§ **Task**: Write out, word for word, each line from the start of the entries through the one holding "- IODEX OINTMENT"; omit the pictures.

§ **Records shown**:
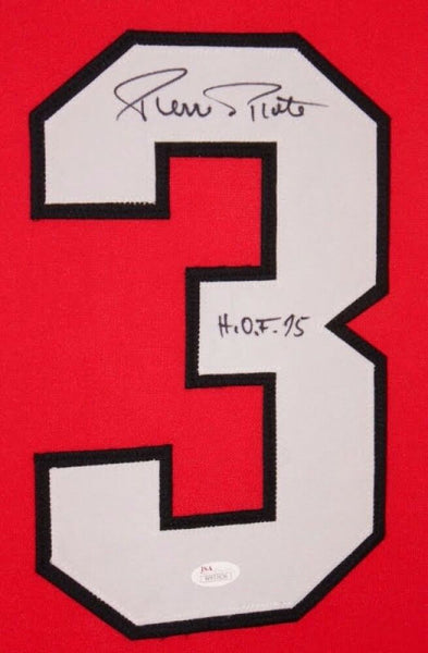 Custom frame measures approximately 35" x 43" in size and features a jersey which has been hand-signed in black felt-tip pen by Pierre Pilote (HOF). The autograph includes an official James Spence Authentication (JSA) hologram for authenticity purposes. The signing of this item was witnessed by JSA.Authentication: JSA Hologram
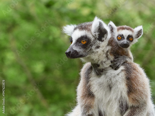 Naklejka premium Ring tailed lemur mother carrying baby on back in green natural space
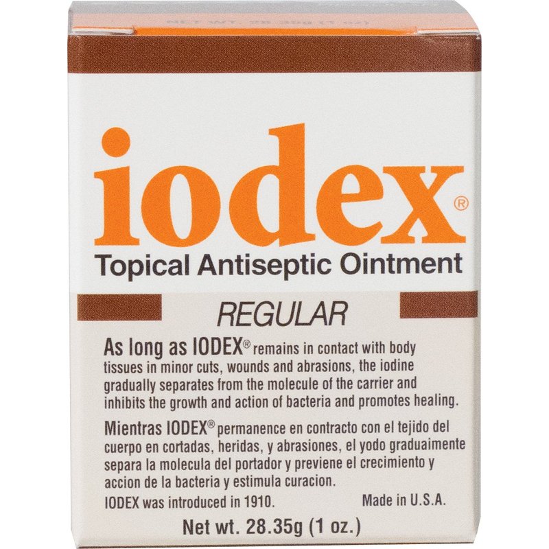 - IODEX OINTMENT - This is the ideal topical salve for treating minor cuts, wounds, and abrasions.
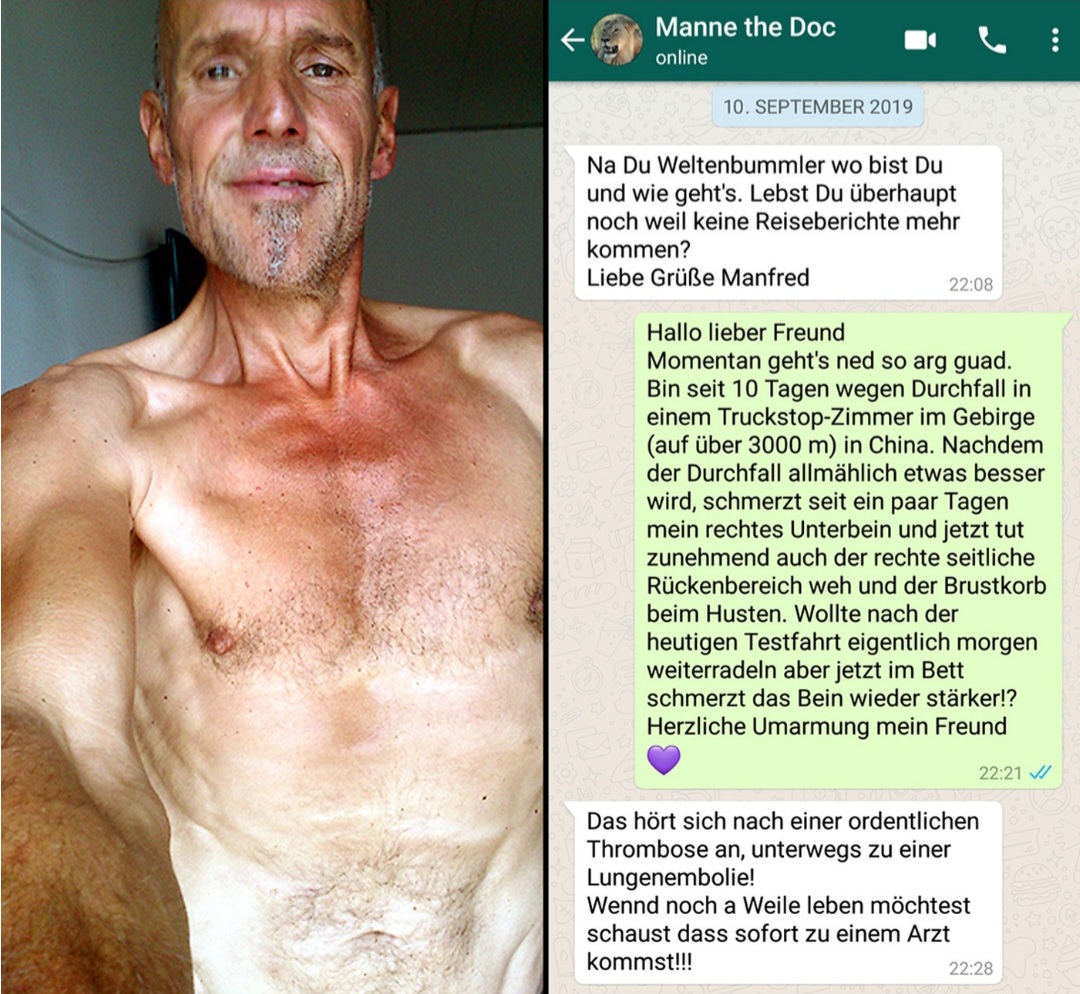 2016 auf meiner ungeplanten Radtour nach und durch China habe ich, nach 3 Tagen mit schwerem Durchfall in einem Truckstop-Zimmer im tibetischen Hochgebirge ruhend, durch starke Schmerzen im rechten Unterbein das Gefühl, dass es gefährlich sein könnte und als nach 9 Tagen auch noch Schmerzen in der rechten Körperseite und in der Lunge dazukommen, bin ich mir bewusst, dass es lebensgefährlich ist – auch weil ich, vorm Start der ungeplanten Tour außer der Mongolei, wichtiger Seelen-Begnung und Gefängnis auch die Intuition von schwerer Krankheit oder Tod hatte – und die Mongolei sowie Seelen-Begegnung sich schon bewahrheitet haben.
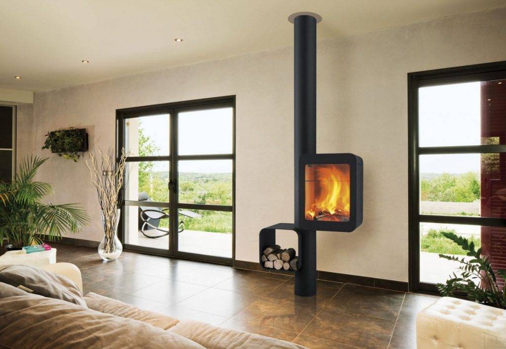 В этом варианте открытое пламя видно со всех сторон. Даже в относительно строгом интерьере «Хай тек» можно создать уютное ощущение присутствия около костра на пикнике. Для гармоничного размещения такой конструкции требуются высокий потолок и большая площадь комнаты. Придется тщательно продумать место хранения оперативного запаса дров, систему подачи свежего воздуха и удаления золы. Необходимо обеспечить хорошую функциональность без ухудшения эстетических параметров.

§ **Answer to the exercise**:
 Custom frame measures approximately 35" x 43" in size and features a jersey which has been hand-signed in black felt-tip pen by Pierre Pilote (HOF). The autograph includes an official James Spence Authentication (JSA) hologram for authenticity purposes. The signing of this item was witnessed by JSA.Authentication: JSA Hologram
 Naklejka premium Ring tailed lemur mother carrying baby on back in green natural space
 - IODEX OINTMENT - This is the ideal topical salve for treating minor cuts, wounds, and abrasions.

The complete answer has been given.